Abstract Archives of the RSNA, 2010
SSA05-07
The "Second Impact Syndrome": An Uncommon Catastrophic Result of Repetitive Head Injury with a Characteristic Imaging Appearance
Scientific Formal (Paper) Presentations
Presented on November 28, 2010
Presented as part of SSA05: Emergency Radiology (Imaging of Trauma)
Alisa D. Gean MD, Presenter: Medical Advisory Board, NeuroLogica Corp
Robert C. Cantu MA, MD, Abstract Co-Author: Nothing to Disclose
To identify the imaging characteristics of the "second impact syndrome" (SIS) and draw parallels to non-accidental trauma.
We conducted a review of the current sports literature on SIS and combined it with 10 new cases of our own. We defined SIS as a clinical scenario consisting of an initial concussion (without LOC), followed by persistent post-concussive symptoms, followed by a subsequent impact (also without LOC) that resulted in a catastophic outcome. Cases were analyzed with regard to sex, age, sport, Glasgow Coma Scale (GCS), and duration of symptoms before the second injury. CT and MR (when available) examinations were assessed for: maximal SDH thickness, SDH heterogeneity, midline shift, effacement of basal cisterns, brainstem distortion, presence of intra-axial hemorrhage (e.g., contusions, DAI), hemispheric “asymmetry” (defined as the thickness of hemisphere measured at the level of the lateral ventricles), preservation of hemispheric gray-white differentiation, and post-traumatic ischemic infarction.
There are 8 prior published cases of a thin acute SDH in association with unilateral hemispheric swelling in patients who returned to play before the symptoms of a prior head injury had resolved. We add 10 new patients with a similar clinical scenario who suffered a catastrophic outcome. Nine of the 10 patients were young males playing American football; the 10th patient was a 10 y/o girl playing pee-wee football. ALL of our patients demonstrated: 1) maximal SDH thickness <1cm, 2) SDH heterogeneity, 3) completely effaced basal cisterns and convexity sulci , 4) brainstem compression due to uncal and diencephalic herniation, 5) no evidence of intra-axial hemorrhage (e.g., contusions, DAI), 6) preserved gray-white matter differentiation within the cerebral hemispheres on admission CT, 7) “hemispheric asymmetry”, and 8) multifocal post-traumatic ischemic infarction on follow-up imaging (if the patient survived).

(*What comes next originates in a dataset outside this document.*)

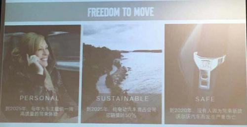 车艳华表示:“沃尔沃汽车始终致力于为消费者提供更便捷,更高效的出行解决方案,从一家纯粹的汽车制造商转型成为全球性和多元化的出行服务商,并以个性化的、可持续的、安全的方式实现未来愿景:到2020年,没有人因为驾乘新款沃尔沃汽车而发生严重伤亡;到2025年,每年为车主提供一周高质量的驾乘体验,同时纯电动汽车占公司总销量的50%。”

Isolated acute hyperemic hemispheric swelling in association with a small acute SDH in athletes receiving a second head injury while still symptomatic from a prior head injury is characteristic of the SIS. Parallels between victims of non-accidental trauma and our cohort of patients will be presented.

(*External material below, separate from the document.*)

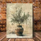 Vintage Olive Potted Branch Wall Art Canvas Unframed/Framed
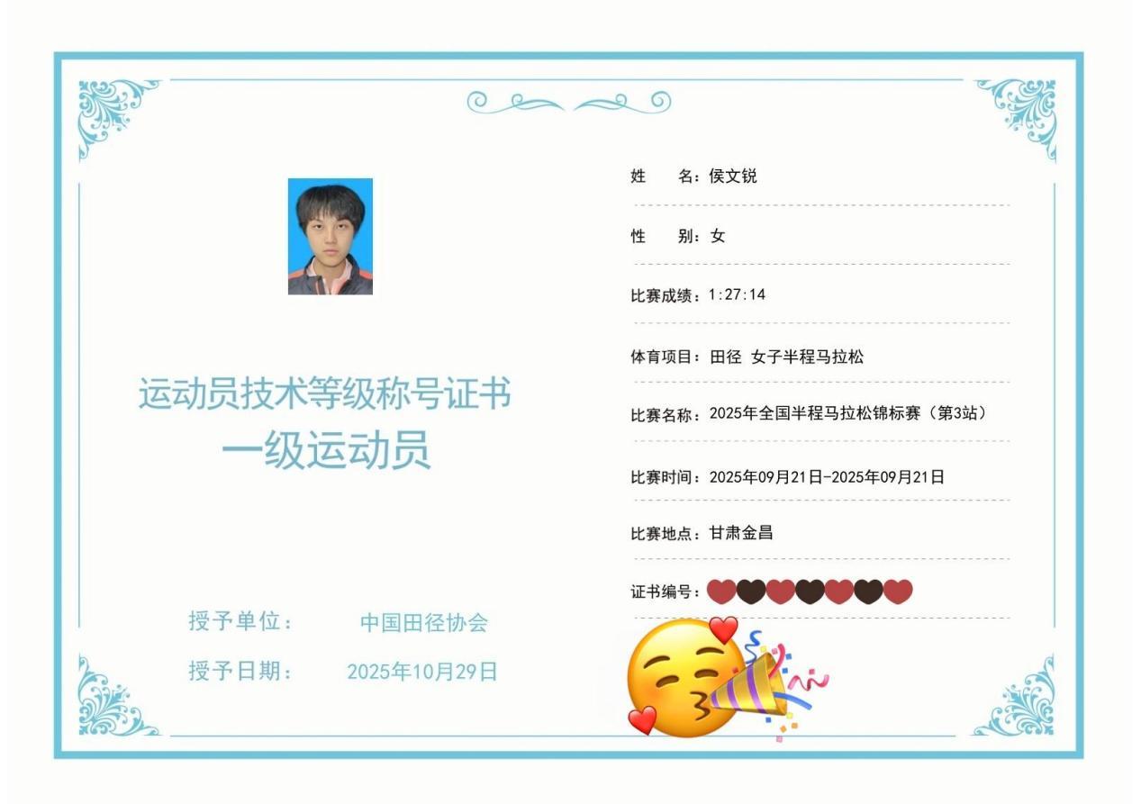 获“国家一级运动员”证书的侯文锐坦言:“这份荣誉是既是认可也是激励。下一步我将把重心回归场地赛,在首都高校田径运动会与全国赛事中取得更加优异的成绩,努力为学校争光。”

The SIS is characterized by a distinct and ominous clinical scenario as well as a unique imaging appearance.
Gean, A,
Cantu, R,
The "Second Impact Syndrome": An Uncommon Catastrophic Result of Repetitive Head Injury with a Characteristic Imaging Appearance. Radiological Society of North America 2010 Scientific Assembly and Annual Meeting, November 28 - December 3, 2010 ,Chicago IL.